[Point de vue] Réchauffement climatique et décroissance : la métaphore du Titanic

Titanic

Article écrit en collaboration avec Pierre Coindreau*, de l'Institut Sapiens

Ce 14 avril 1912 à 23h40, l'officier de quart n’aperçoit l’iceberg que trop tard : le calme plat régnant cette nuit-là sur l'Atlantique Nord l'a privé de la frange blanche des vagues qui se brisent usuellement sur ses flancs et, pour des raisons inexplicables, les veilleurs ne disposent pas de jumelles ! De surcroît, il s’agit d’un « iceberg bleu », un bloc de glace qui, en se détachant de la banquise, s'est retourné et présente à l'air libre son fond bleuâtre, peu visible.

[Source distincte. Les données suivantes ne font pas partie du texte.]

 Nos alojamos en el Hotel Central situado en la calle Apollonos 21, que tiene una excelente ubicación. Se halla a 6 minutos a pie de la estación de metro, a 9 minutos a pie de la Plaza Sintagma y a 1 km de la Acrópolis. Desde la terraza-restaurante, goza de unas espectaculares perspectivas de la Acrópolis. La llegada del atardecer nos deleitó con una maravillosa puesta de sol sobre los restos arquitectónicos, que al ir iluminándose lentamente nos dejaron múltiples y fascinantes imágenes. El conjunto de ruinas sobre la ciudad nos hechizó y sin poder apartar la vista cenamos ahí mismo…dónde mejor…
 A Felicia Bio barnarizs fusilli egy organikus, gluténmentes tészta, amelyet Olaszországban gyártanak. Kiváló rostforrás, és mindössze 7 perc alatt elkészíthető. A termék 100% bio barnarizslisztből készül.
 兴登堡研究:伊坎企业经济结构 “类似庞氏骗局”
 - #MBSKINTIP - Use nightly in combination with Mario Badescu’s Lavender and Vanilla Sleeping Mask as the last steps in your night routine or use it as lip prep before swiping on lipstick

Il est à moins de 500 mètres sur la route directe du navire de 46.000 tonnes lancé à plus de 22 nœuds. Pour prendre une décision rationnelle, il manque à l'officier deux informations essentielles : la distance précise le séparant encore de l’iceberg ainsi que la distance nécessaire pour stopper le géant des mers.

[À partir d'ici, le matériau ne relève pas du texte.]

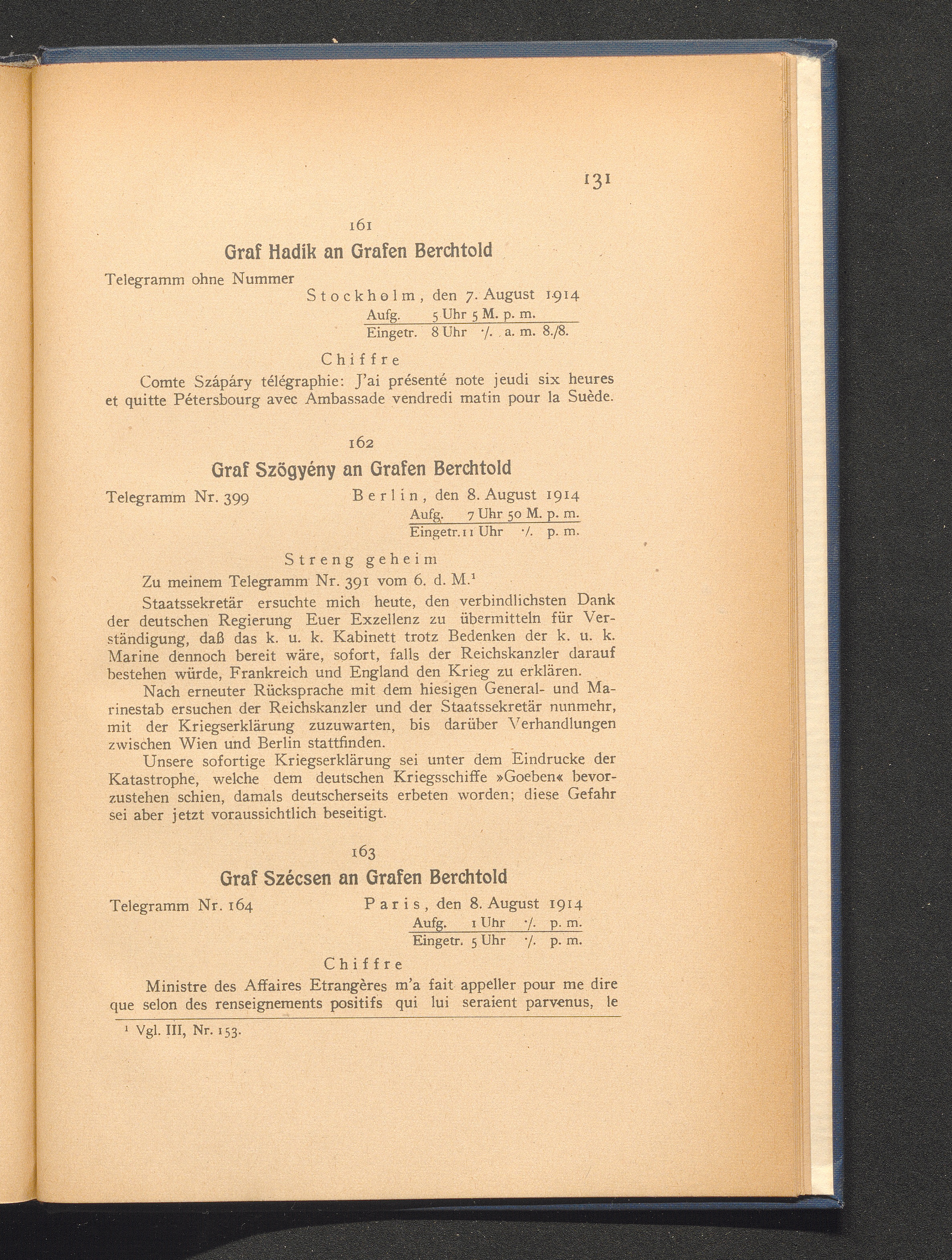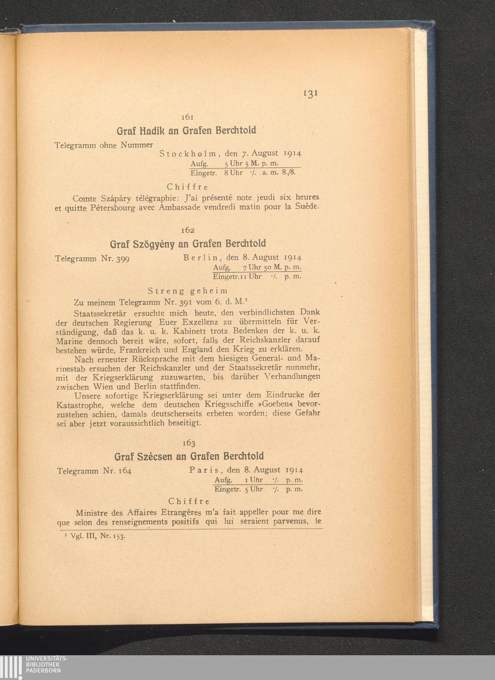 163. Paris, den 8. August 1914. Graf Szécsen an Grafen Berchtold.

Pour éviter l'obstacle, son instinct lui commande dans l’urgence de battre en arrière tout en mettant la barre à gauche. Une décision catastrophique : ignore-t-il qu’en battant en arrière, il va rendre ses gouvernails totalement inopérants, le flux d'eau projeté par les hélices étant dirigé vers l'avant et non plus sur les safrans. Insuffisamment dérouté vers la gauche, le paquebot ne peut éviter la masse de glace dont les débords sous-marins vont découper la coque sur une grande longueur. Excédant six compartiments étanches, l’entaille dépasse la limite de l'insubmersibilité calculée par ses concepteurs. La catastrophe est consommée : plus de 1.300 personnes périront dans les eaux glaciales de l'Atlantique Nord.

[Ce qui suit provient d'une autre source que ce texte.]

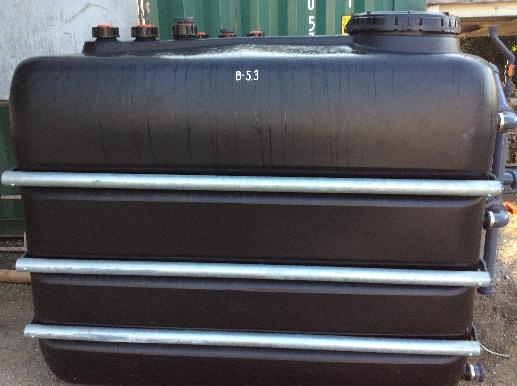 Sistema: Tanque usado Material: Plástico Comprimento: 2.13 m Altura: 2,30 m Largura: 1,60 m Volume: aprox. 7.83 m3 Conexões: DN 25, DN 50 e DN 80 s. Foto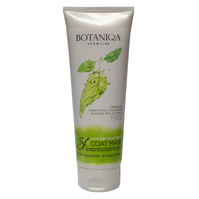 Botaniqa Show Line Intense treatment Coat Mask to kolagenowo - keratynowa maska sformułowana aby zregenerować, głęboko nawilżyć, zabezpieczyć, dodać jedwabistości oraz blasku. Pomaga w zapanowaniu nad włosem, sprawia że jest on łatwiejszy w modelowaniu. Przy regularnym stosowaniu szata staje się błyszcząca, zdrowsza, silniejsza, a rozczesywanie łatwiejsze. Regularnie stosowana zmniejsza ryzyku uszkodzeń, łamania końcówek, idealna do budowy włosa. Efektywnie ułatwia rozczesywanie i zabezpiecza przed powstawaniem kołtunów.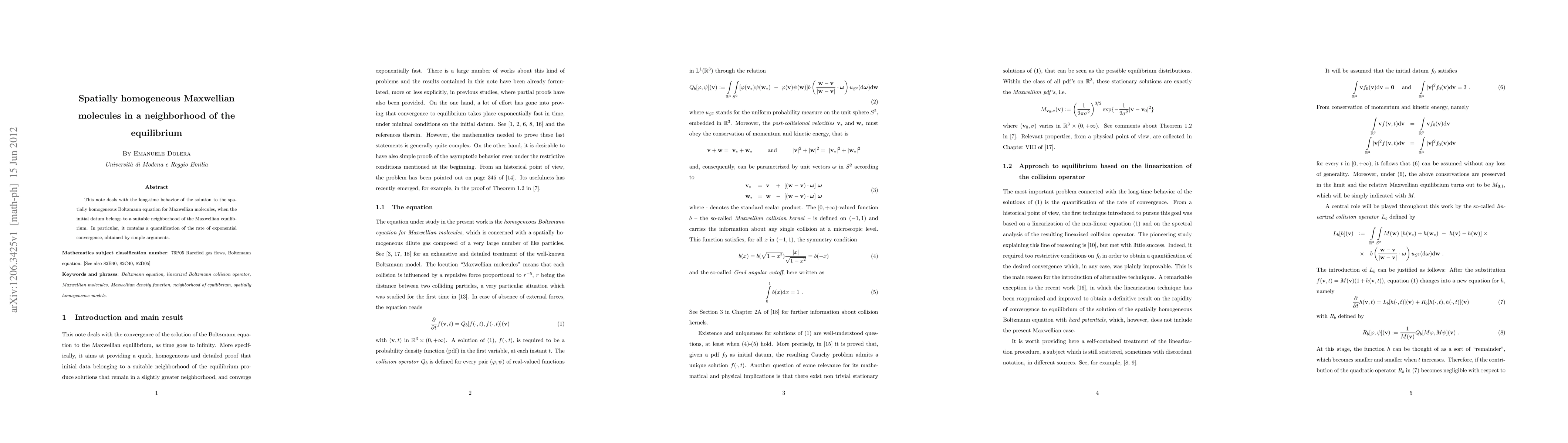 This paper investigates the long-term behavior of solutions to the spatially homogeneous Boltzmann equation for Maxwellian molecules, focusing on initial data near the Maxwellian equilibrium. It provides a quantification of the exponential convergence rate using straightforward arguments.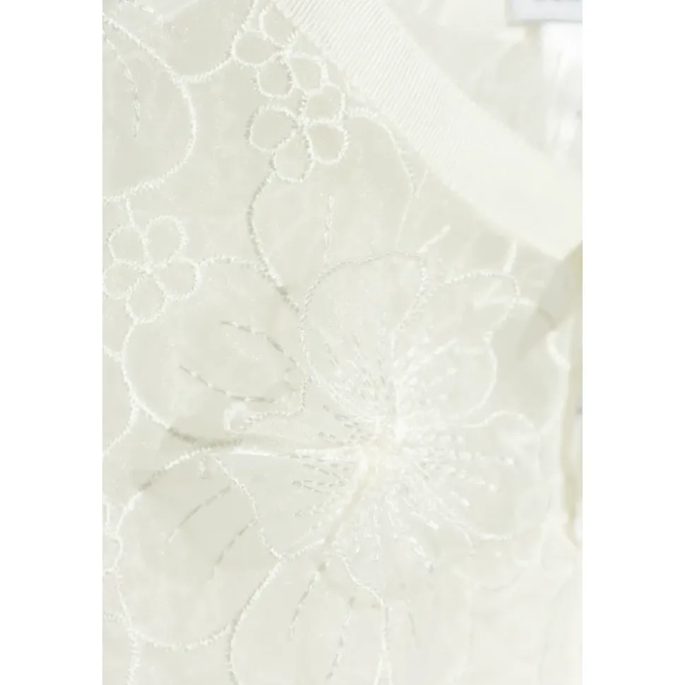 Introductie van de LACE PONCHO voor meisjes van het merk _Self Portrait Kids_, die betovert met zijn subtiele elegantie en verfijnde stijl. Gemaakt van delicate kant, de poncho verrukt met bloemmotieven die subtiel zijn oppervlak versieren. Het klassieke, uitlopende ontwerp valt vrij over de schouders en creëert een verbluffend effect. Kleine strikjes op de schouders voegen charme en meisjesachtige gratie toe. De dominante WITTE KLEUR benadrukt de fijnheid en elegantie van dit unieke garderobe-accessoire. Een praktische voorsluiting maakt het gemakkelijk om aan en uit te trekken, waardoor de poncho een ideale keuze is voor speciale gelegenheden die een uniek karakter vereisen. WAAROM DIT PRODUCT KOPEN? * Elegant en luxueus uiterlijk dankzij kant, bloemmotieven. * Uniek, uitlopend ontwerp dat charme toevoegt. * Praktische voorsluiting voor gemakkelijk gebruik. * Subtiele toevoegingen in de vorm van strikjes op de schouders. * Perfect voor speciale gelegenheden, waarbij het unieke karakter van de kindergarderobe wordt benadrukt.

Le Titanic est souvent associé à la compétition inéquitable opposant l’homme à la nature : cette dernière a eu raison de l'arrogance des ingénieurs sous-estimant la force d’Archimède et de l'inconscience des armateurs imposant au navire une vitesse déraisonnable sur une route dangereuse pour établir un nouveau record. La métaphore climatique est évidente : dans sa course effrénée au progrès, à travers sa consommation excessive et son action irresponsable vis-à-vis de la nature, notre société de croissance émettrice de gaz à effet de serre (GES) va précipitamment heurter « l'iceberg » du dérèglement climatique pour finalement sombrer en provoquant des dizaines de millions de victimes.

Comme pour le Titanic, le « paquebot Monde » navigue à vive allure dans un environnement incertain. Ainsi, la sensibilité climatique (correspondant au doublement des émissions de GES) est estimée par le GIEC dans une fourchette comprise entre 2,1 °C et 4,7 °C. En d’autres termes, alors que nous manquons cruellement de visibilité, faut-il réagir dans « l’urgence absolue » et battre arrière pour entrer dans une société post-croissance a-productiviste réduisant dans un temps record les émissions de GES ? Si, de prime abord, la décision paraît logique, elle devrait s’inspirer de la décision instinctive mais totalement erronée de l’officier de quart du Titanic.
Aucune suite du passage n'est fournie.